**Given information**
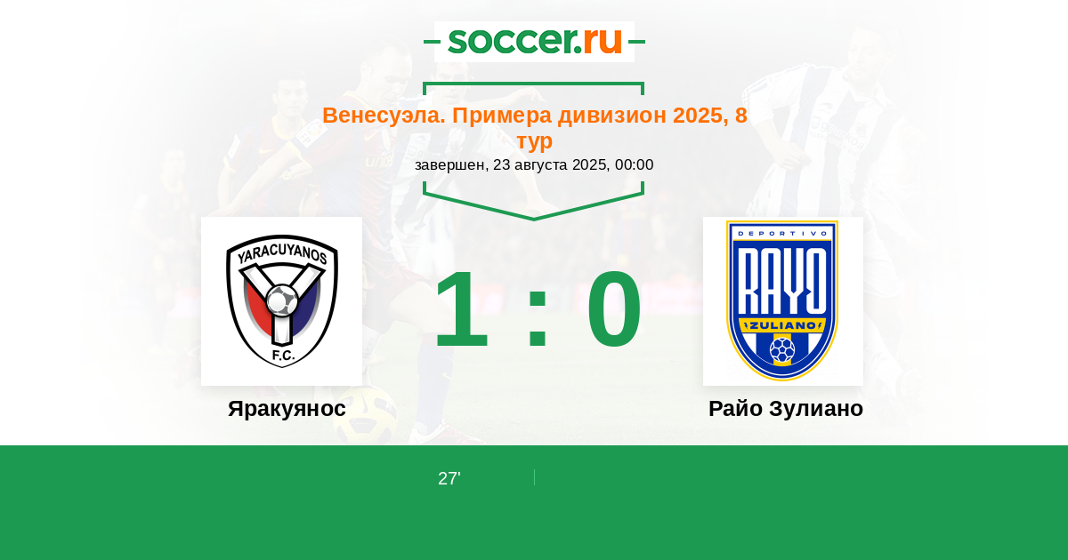 Протокол матча Яракуянос против Райо Зулиано
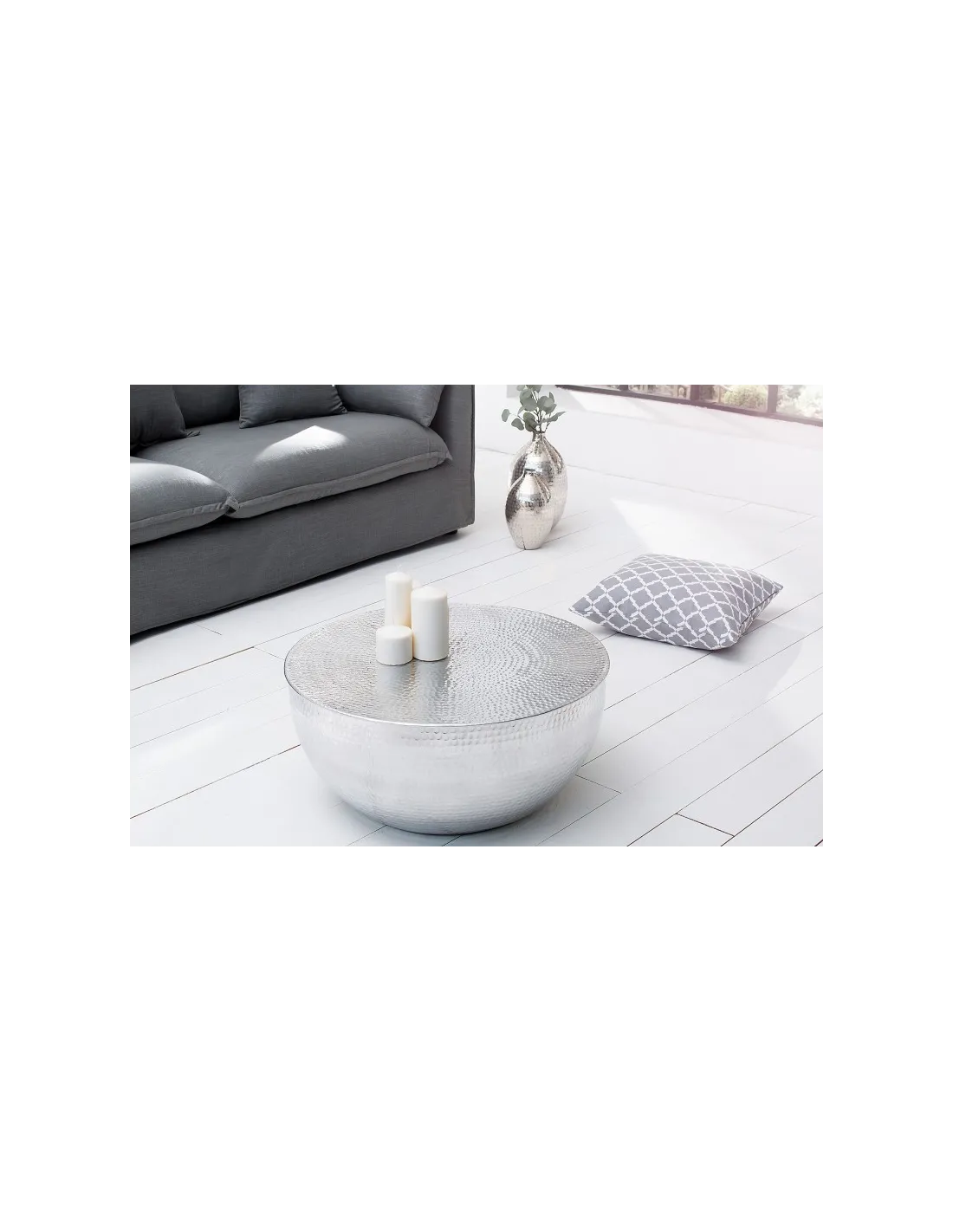 Agrémenter à merveille votre séjour à l'aide de cette magnifique table coloris argenté, parfaitement réalisée à la main à partir d'aluminium avec un design raffiné ! Très pratique et esthétique avec une forme ronde, elle apportera à votre salon un cachet luxueux et plein de glamour ! Donc n'hésitez pas à profitez cette jolie table basse ayant une qualité excellente et un prix incroyable !
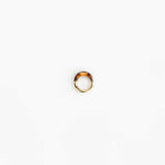 The Horn Ring showcases the endless possibilities of resin by encasing resin swirls in nano-coated brass. The small of this polished style has a thin, curved face, meeting elegantly with a brass band as it melds at its sides.
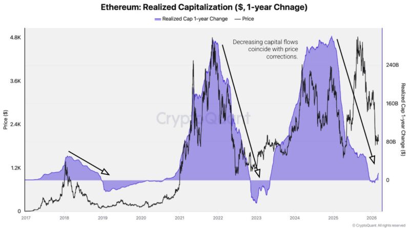 Moreno added that the yearly change in Ethereum’s realized capitalization has turned negative, showing that capital is exiting from Ether.

**Aim of the task**
The answer is the run of lines from the one with "Agrémenter à merveille" through the final line of the data, copied exactly, and nothing else; no pictures.

**Task solution**
 Agrémenter à merveille votre séjour à l'aide de cette magnifique table coloris argenté, parfaitement réalisée à la main à partir d'aluminium avec un design raffiné ! Très pratique et esthétique avec une forme ronde, elle apportera à votre salon un cachet luxueux et plein de glamour ! Donc n'hésitez pas à profitez cette jolie table basse ayant une qualité excellente et un prix incroyable !
 The Horn Ring showcases the endless possibilities of resin by encasing resin swirls in nano-coated brass. The small of this polished style has a thin, curved face, meeting elegantly with a brass band as it melds at its sides.
 Moreno added that the yearly change in Ethereum’s realized capitalization has turned negative, showing that capital is exiting from Ether.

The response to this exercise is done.